I have not posted in a while because things were pretty hectic in my life as of late. As those who read this blog know, my daughter was suffering from dilated cardiomyopathy and she was admitted back into the hospital with cardiogenic shock on June 1. She was listed for a heart transplant on June 11, after the pre-transplant team decided her heart would not recover and was too big to allow for her lungs to function on their own. She was doing okay until about the fourth week into the hospital stay and then she took a turn for the worse. We spent three miserable days in the PICU watching her get put on drug after drug to try to deal with her blood pressure, tachycardia, lack of oxygen saturation, etc.

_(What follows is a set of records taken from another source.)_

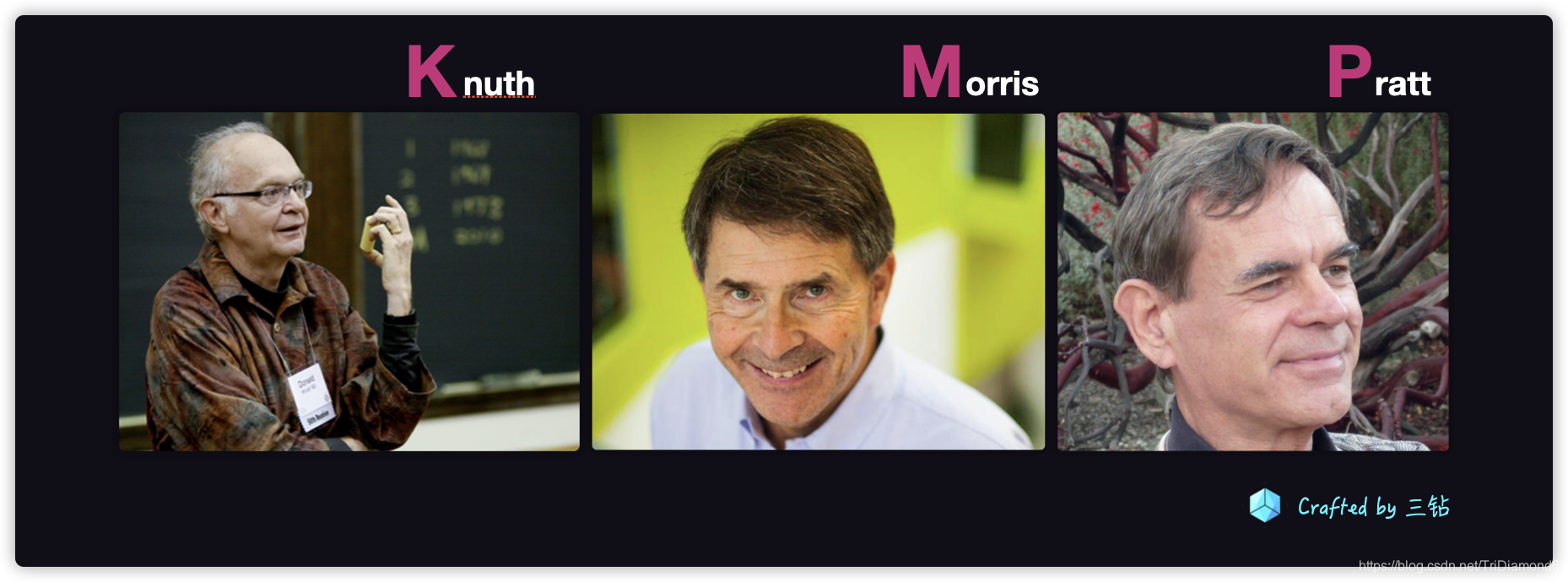 大家可能觉得 KMP 这个算法的名字很特别、很怪,因为 KMP 它并不是三个英文单词的开头,而是三个计算机科学家的名字。发明这个算法的三位计算机科学家分别为:Knuth、Morris、Pratt。第一个是大家都非常熟悉的 Donald Ervin Knuth (高德纳),他是《计算机设计艺术》的作者,也是编程界非常有名的一位老专家。然后 M 和 P 也都是当时比较著名的计算机专家,而 KMP 匹配算法就是他们三个一起研究出来的 。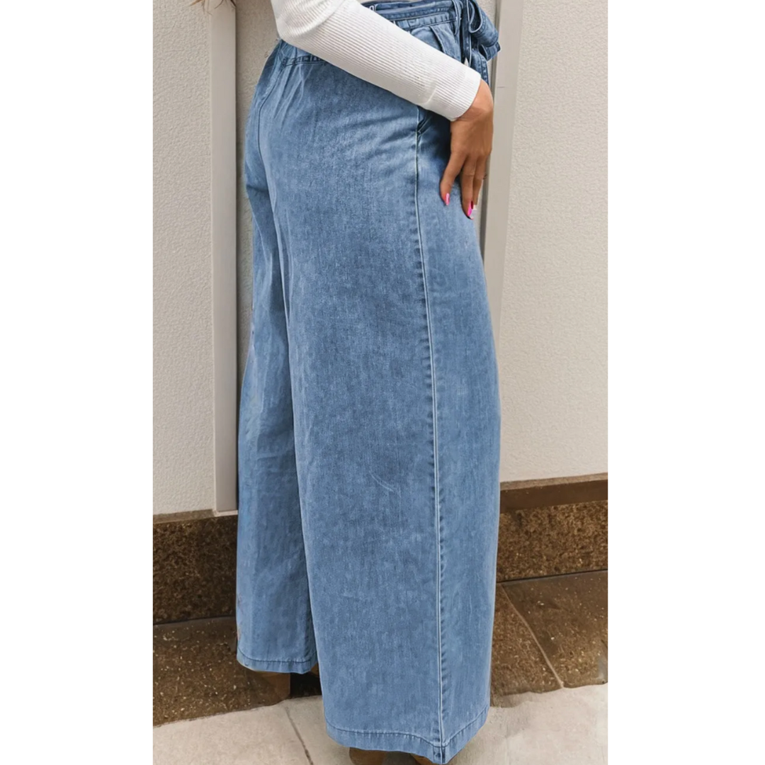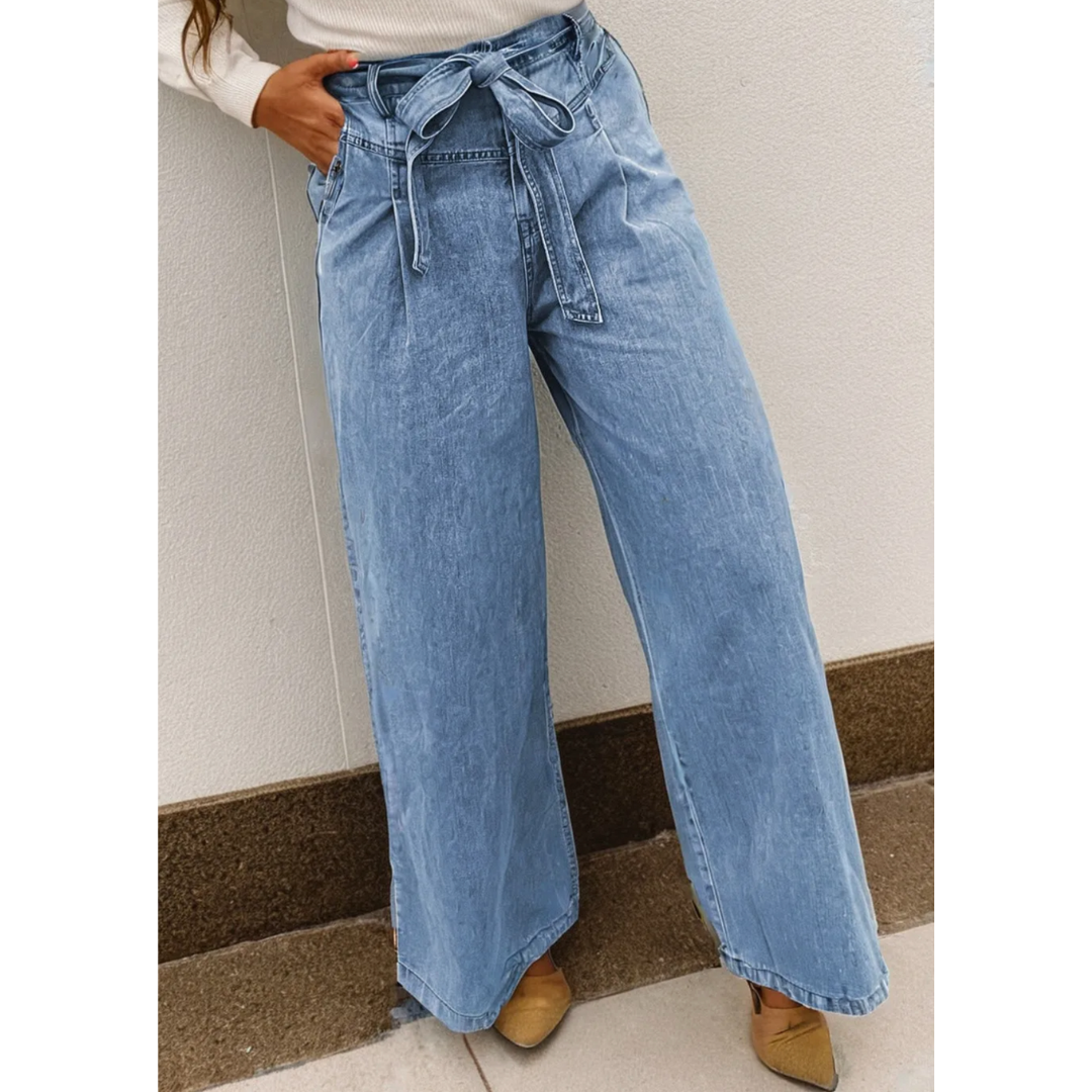 Step into effortless style with the Skyline Tie-Waist Jeans. Designed with a relaxed wide-leg silhouette, these jeans bring a chic yet casual vibe to your everyday wardrobe. The light wash denim offers a timeless, versatile look, while the tie-waist belt adds a flattering, feminine touch. Perfect for pairing with fitted tops or cozy knits, these jeans are as comfortable as they are stylish.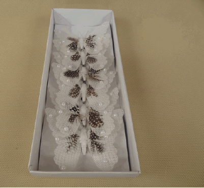 Dekoratyvinis drugelis 12cm baltas su juodu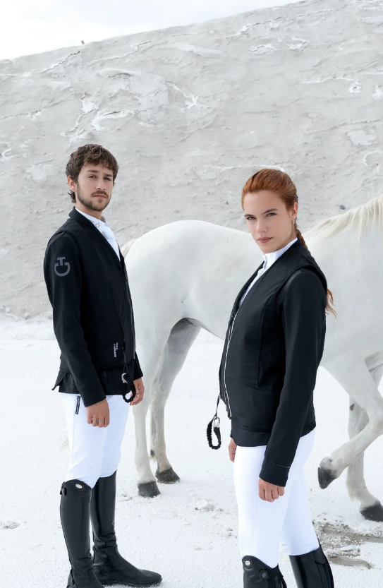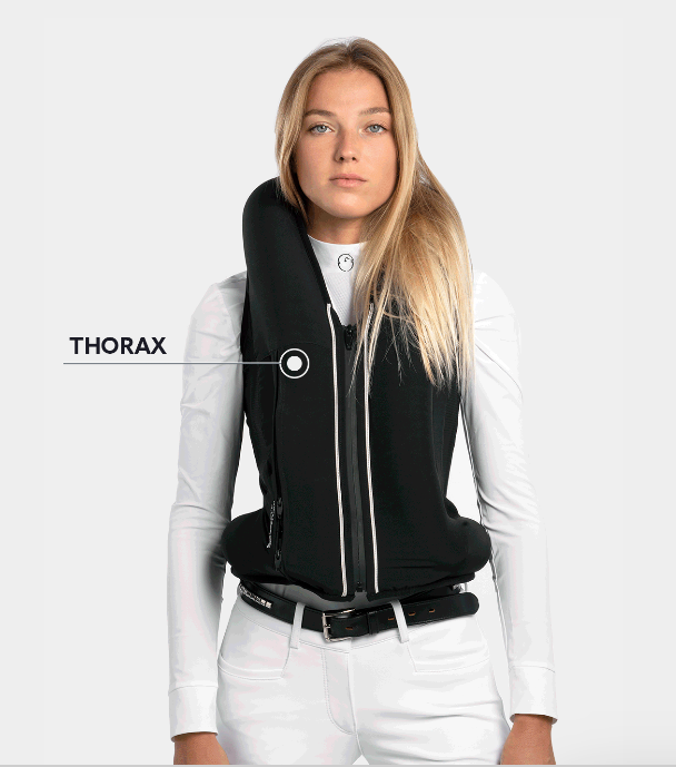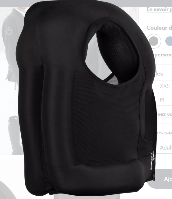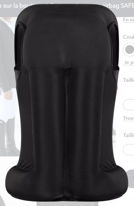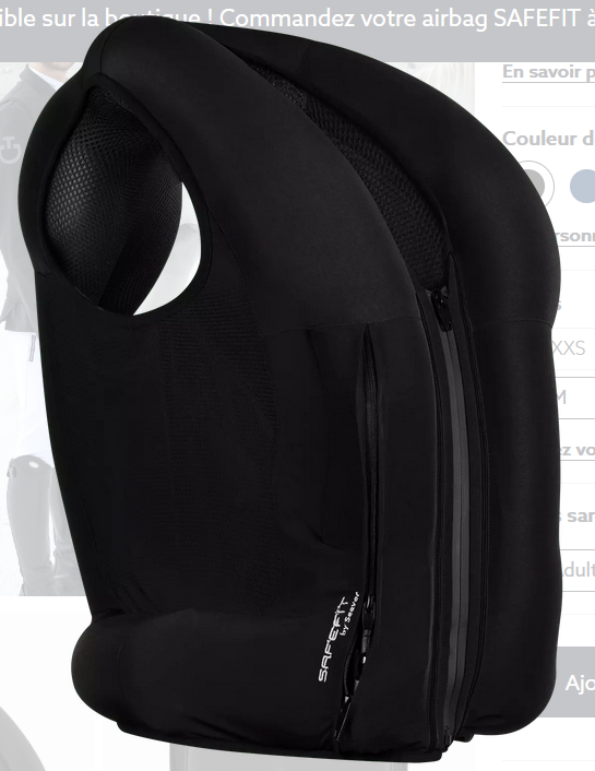 SAFEFIT peut se porter en dessous d’une veste de concours compatible airbag de toute marque. Cette dernière doit alors comporter un minimum de 15% d’élasthanne dans sa composition.
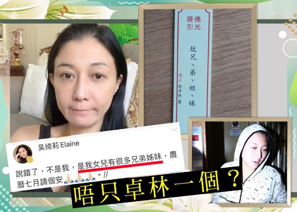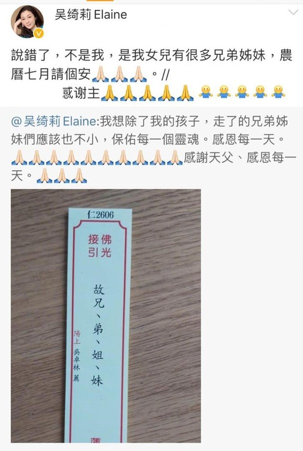 吳綺莉更寫道:“我想除了我的孩子,走了的兄弟姊妹們應該也不?。ㄉ伲?,保佑每一個靈魂。感恩每一天。感謝天父、感恩每一天?!奔戳罹W友熱議,以為她是為自己親友做超度法事,不過吳綺莉隨即留言解釋:“說錯了,不是我,是我女兒有很多兄弟姊妹,農歷七月請個安?!钡髤蔷_莉卻刪除發文。

Finally, the cardiology team decided to move her into the CVICU, where they gradually weaned her off many of the drugs and got her back into pretty good shape by the time her fifth week in the hospital began.
On July 6, we were informed that there was a heart for M. At first, they were going to do the surgery that night, but then it was postponed until the next afternoon. M was in surgery for about six hours total, was on the bypass machine for less than two hours and the new heart kicked right in. She came back from surgery looking good, but with a pacemaker because the new heart was not beating fast enough. She did good post-op and came off the ventilator on July 14, chest tubes and pacemaker wires out July 15, moved to the Intermediate ICU July 16 and we are scheduled to be released to the Ronald McDonald House on Thursday, July 23!
It has been a whirlwind of activity! M is doing well. She is on 11 medications, which is actually much less than I thought she would be. Some she takes twice a day and others only once a day and a few three times a day. The hospital provided us with a daily schedule that will really help out with keeping track of things and we will have to stay at the Ronald McDonald house for three months to make sure that the heart and M is doing well. She is still struggling a little to get all her feeds by bottle, so she will probably go home with an NG tube in to help with that and insure that she gains some much needed weight (she is five months tomorrow and only weighs eight pounds!) and grows a bit. She was a preemie, but even for three months, eight pounds is not nearly big enough!
I plan to keep this blog going and posting new information on cardiomyopathy, trasnplant, etc. I know there have been some stories in the news as of late, so I will have to catch up with those over this coming week! Our miracle has happened – M has a new heart and will now be able to get out of the hospital – and all very quickly for such a small baby! We are very, very, very thankful! And now we’re looking forward to learning a whole new set of skills as we take her home!